First off, food is gonna be a bitch. The Referee's Book describes a Poland that is damned near as buggered up as that Gawdawful book series from the 80's, The Zone. Croplands have been NBC'd to literal death and only a major human die-back and decades of rain and weathering are going to fix it.
Now, I don't see the picture as quite that bad. I'm well aware of the poisoning spectrum [at least, that described by the US Army Chemical Corps]. The setting describes survivors that really are hanging on, with sufficient croplands to support the remaining population... barely. The problem is twofold: a lack of trained farmers and a transportation net that's thoroughly wrecked. Almost everything that's grown is consumed within 25 miles /40 km of its acreage. Then you add the problems of a barter economy, bandits, organized units of soldiers 'foraging' [or as like to tell students, 'authorized stealing'] and the need for high starch/ sugar content plants to distill fuel from.
To be blunt, society's ability to feed itself has retreated to medieval level and damned few people have any idea how to actually do the work necessary. Most communities are closer to the Stone Age hunter /scavengers, rather than the organized work of a medieval village.
So let's get down to some basics here. Let me go point-by-point...
a] the general rule of thumb is 'one acre [2.5 hectares] of grain supports one adult and requires the full time effort of one adult to cultivate'. However, this presumes that the adult has some knowledge of what they're doing and has the energy and the security to work the land. Under the conditions of 'modern' Poland, a more realistic estimate would be doubling the needed land to feed one person.

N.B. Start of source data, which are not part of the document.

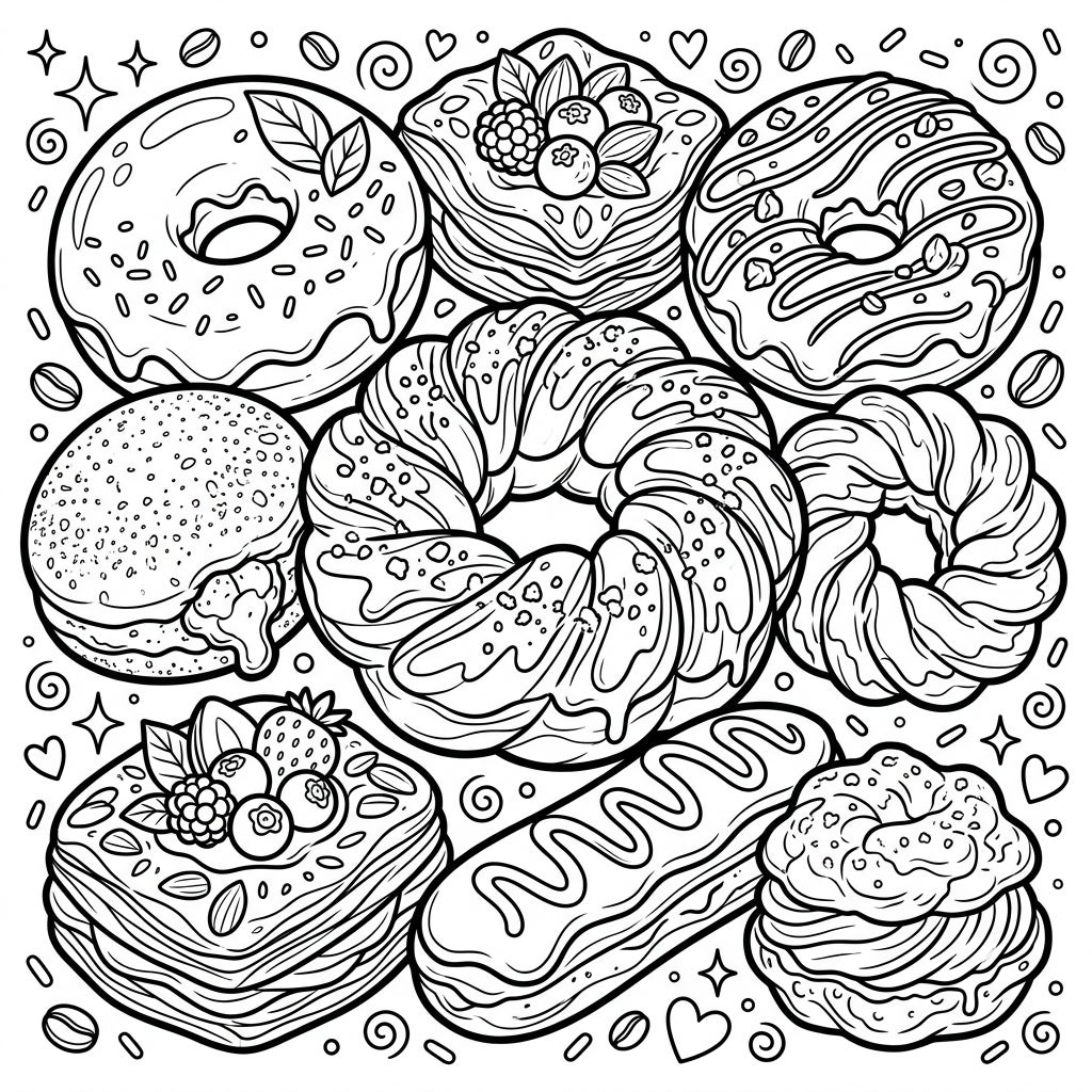 Dive into a world of delectable treats with this enchanting coloring page, brimming with an irresistible array of doughnuts and pastries. This intricate design showcases a delightful variety, including classic glazed doughnuts with sprinkles, a flaky bear claw, elegant eclairs, and layered pastries adorned with luscious berries. Each item is rendered with inviting, bold outlines, ready for you to bring them to life with your favorite colors.
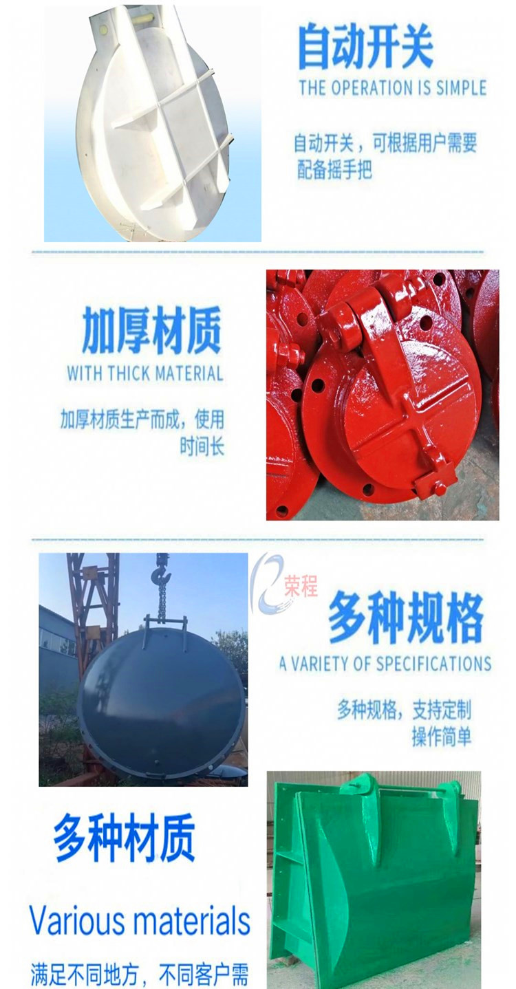 拍門可以做成圓的和方形的,還設(shè)備廣泛應(yīng)用于泵站出口的斷流自動(dòng)控制,或用于江河海邊無(wú)人管理的水利排水口,在順利排水的同時(shí)又防止水流倒灌,安全,實(shí)用,節(jié)能,不需任何電力,液壓動(dòng)力等外力,靈活,可靠,是現(xiàn)代水利管理不錯(cuò)節(jié)能產(chǎn)品。業(yè)務(wù)咨詢13582492022孫經(jīng)理,微信同號(hào)。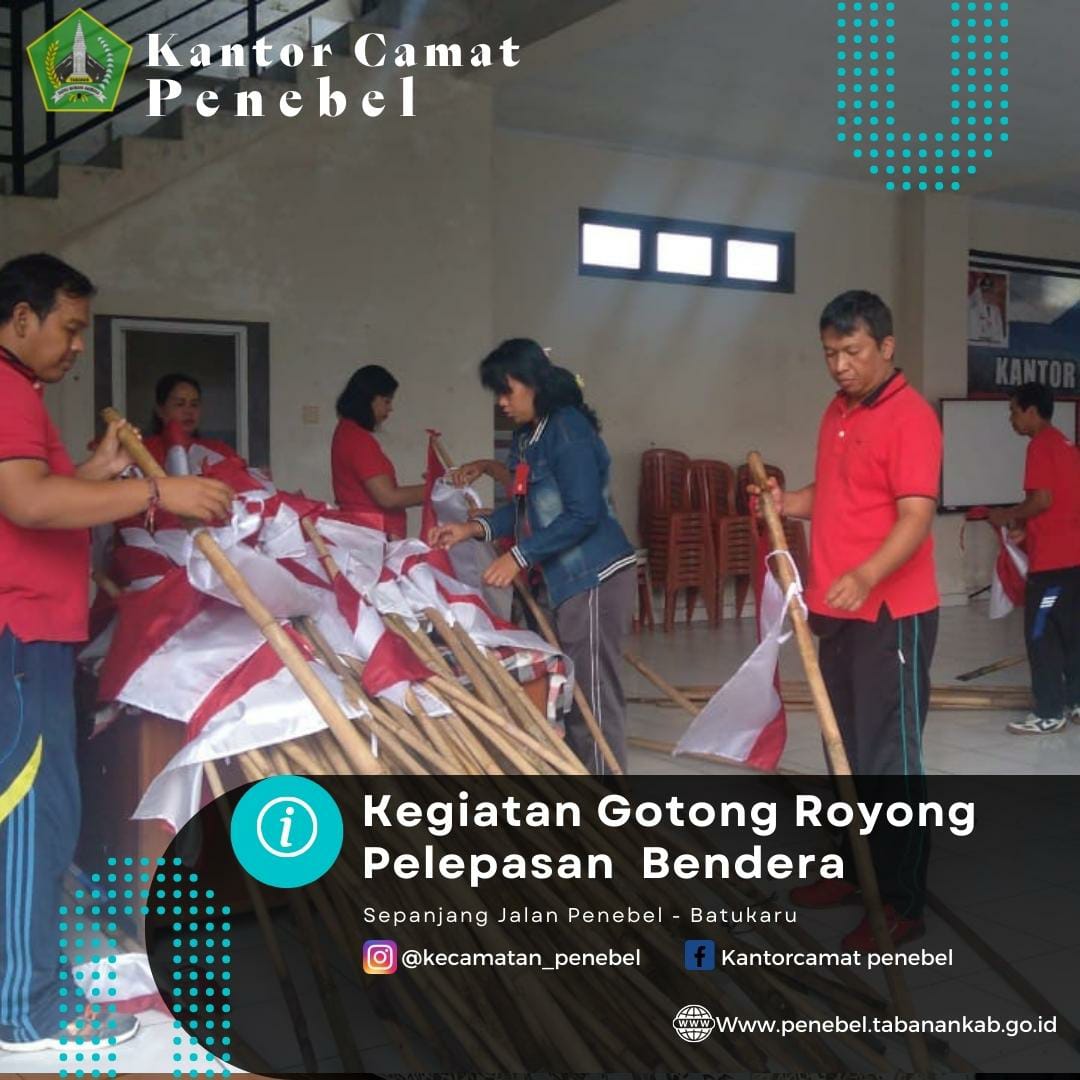 Setelah sebulan penuh memperingati perayaan HUT RI Ke 77, maka pada kamis, 1 september 2022 seluruh staf Kantor Camat Penebel melepas seluruh bendera dan umbul2 yang terpasang disepanjang jalan protokol di Kecamatan Penebel.

b] a healthy person consumes, at minimum, their own body weight in food per month. This presumes a varied diet of 2700 calories a day. In T2K terms, this diet is a distant memory. As 'Monk' put it in the flavor text of T2013, "I'd be willing to kill somebody I know for a bacon double cheeseburger." A realistic figure for the current diet is probably along the lines of 1800 calories a day in the sparse time of the year [December to June] and 2200 calories in the 'fat' time of the year [July to November]. Of course this will vary widely.

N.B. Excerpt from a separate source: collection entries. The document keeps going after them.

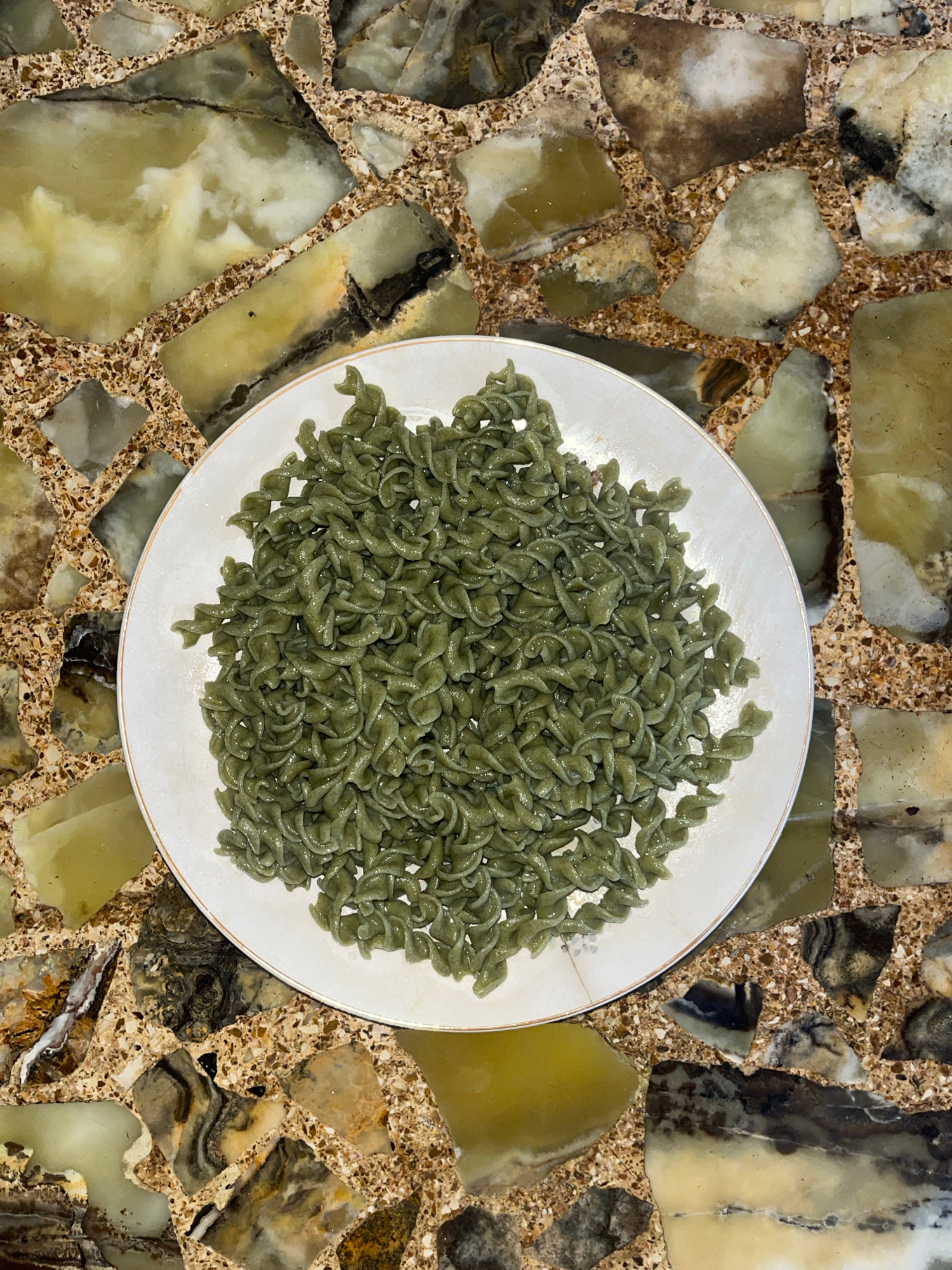 A top-down shot shows a white plate piled high with green pasta on a mottled, brown-and-tan stone surface. The pasta appears to be of the fusilli variety, though with a slightly different, less pronou…read more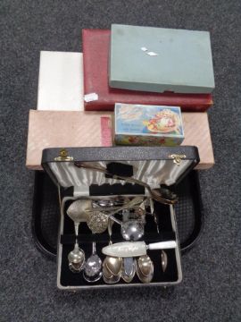A tray of assorted boxed cutlery sets, crested spoons, baby spoon etc
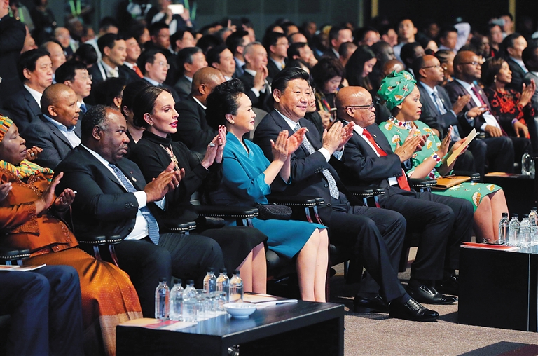 晚8时许,习近平夫妇同南非总统祖马夫妇及出席中非合作论坛约翰内斯堡峰会的各国领导人一起步入演出会场时,全场近千名观众起立,热烈鼓掌。这台名为《中非时刻》的晚会,由来自中国和非洲国家的近200名演员联袂奉献。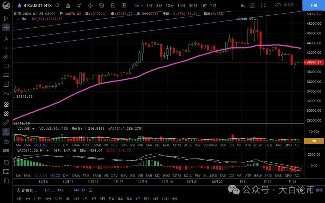 大饼昨日一路反弹上行最高触及40550一线受阻回落,低位跌至39500一线,恭喜跟上昨日思路的朋友空单获利800点,目前币价在40040附近运行,四小时级别行情收针回踩但始终没能跌破ma14可见支撑力度挺强,macd多头运行双线金叉向上,价格重回40000上方运行,虽反弹力度较弱,但整体在缓慢上行,处于震荡修复阶段,若能突破站稳40200上方关注力度及延续,日线级别底部抬高,空头止跌逐步缩量,短期有企稳迹象,日内思路建议低多为主高空为辅,上方压制40500-41000,下方支撑39500-39000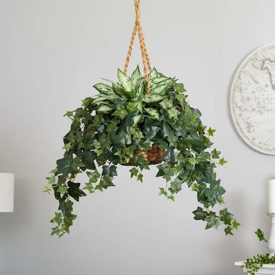 2.5ft. Silver Queen And Ivy Plant In Hanging Basket

c] many food preservation techniques have been lost or preserved only as 'ancient lore'. The only methods of food preservation commonly available in Poland at this time are likely to be salting, pickling in vinegar, drying [jerked meats, dried vegetables], and possibly smoking. Drying and smoking require a lot of time and fuel to do, and smell of the process will draw bandits like flies to a corpse. And something that can't be emphasized enough; the most efficient fuel for fires is charcoal made from hardwoods. The knowledge of how to make charcoal in large enough amounts is largely lost. People think only in terms of dry, seasoned wood and are not at the point of cultivating wood-lots yet.